The sum of the reciprocals of two consecutive even integers is 9/40. This can be represented by the equation shown.
1/x + 1/x+2 = 9/40
Use the rational equation to determine the integers. Show all work.
Multiplying both sides by the common denominator (x(x+2)), we get:
(x+2 + x) / (x(x+2)) = 9/40
Simplifying the numerator:
2x+2 / (x(x+2)) = 9/40
Cross-multiplying:
40(2x+2) = 9x(x+2)
80x + 80 = 9x^2 + 18x
9x^2 - 62x - 80 = 0
Using the quadratic formula:
x = [62 ± sqrt(62^2 - 4(9)(-80))] / 18
x = [62 ± sqrt(3964)] / 18
x = [62 ± 2*sqrt(991)] / 18
Since x and x+2 must be even integers, we know that x must be even. Testing even values of x, we find that:
x = 10
x+2 = 12
Therefore, the two consecutive even integers are 10 and 12. Checking our answer:
1/10 + 1/12 = 6/60 + 5/60 = 11/60
11/60 is not equal to 9/40, so our answer is incorrect.
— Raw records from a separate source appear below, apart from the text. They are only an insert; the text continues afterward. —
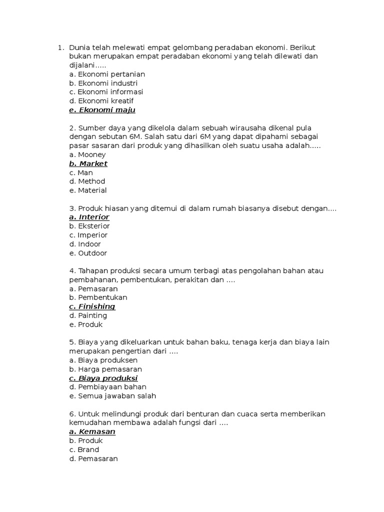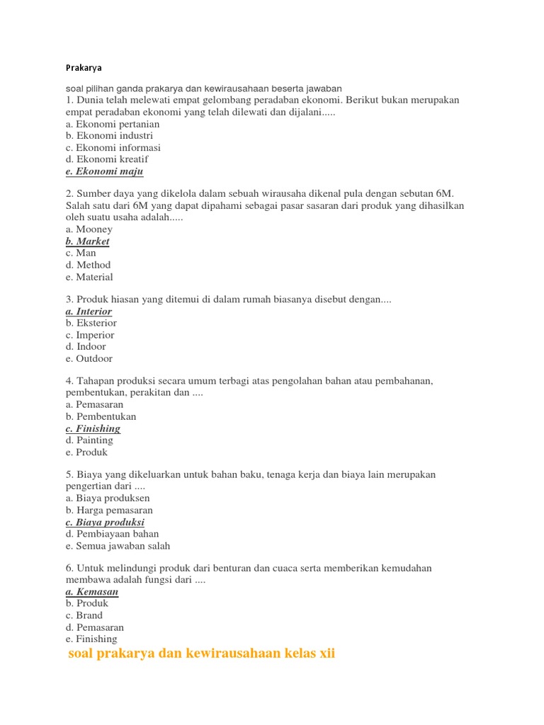 Soal Pilihan Ganda Prakarya Dan Kewirausahaan Beserta Otosection
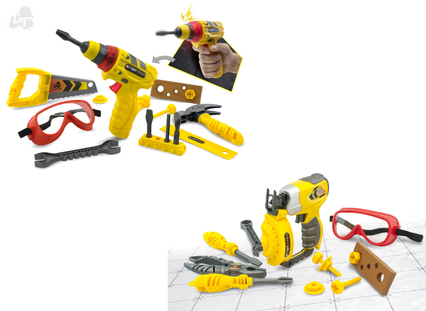 Dotaz na produktTuff Tools Nářadí set s brýlemi. Obsah balení - elektrická vrtačka se světelnými a zvukovými efekty, ochranné brýle, šrouby s maticemi 6ks, 4 vyměnitelné vrtáky a šroubováky, klíč, pila, kladívko. 3xAG13 baterie jsou součástí balení.
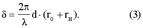 Из полученного выражения следует, что в разности фаз восстановленных интерферирующих лучей содержится информация о векторе смещения. Соотношение (3) является основой количественной интерпретации интерференционной картины, по которой, зная направление освещения объекта ro и направление наблюдения rн, можно определить вектор смещения d.
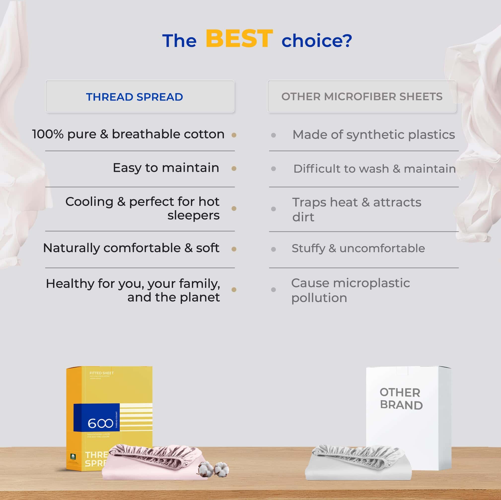 1. ¿Por qué Comprar Thread Spread 100% Algodón en Lugar de Microfibra: Nuestras sábanas ajustables de 600 hilos están hechas de algodón mercerizado para un brillo aumentado y colores más brillantes y profundos que no se desvanecen ni se agrupan incluso después de varios lavados. Para un sueño saludable, elige nuestra sábana ajustable de tamaño completo 100% algodón que es natural en su formulación, fresca al tacto y transpirable para crear una experiencia de sueño celestial. La microfibra es barata y se utiliza principalmente para la limpieza. Atrae el polvo rápidamente y es dañina para tu piel.

We made an error in our algebra. We'll check our work:
40(2x+2) = 9x(x+2)
80x + 80 = 9x^2 + 18x
9x^2 - 62x - 80 = 0
(x-10)(9x+8) = 0
x = 10, or x = -8/9
Since x must be even, the only valid solution is x = 10. Therefore, the two consecutive even integers are 10 and 12.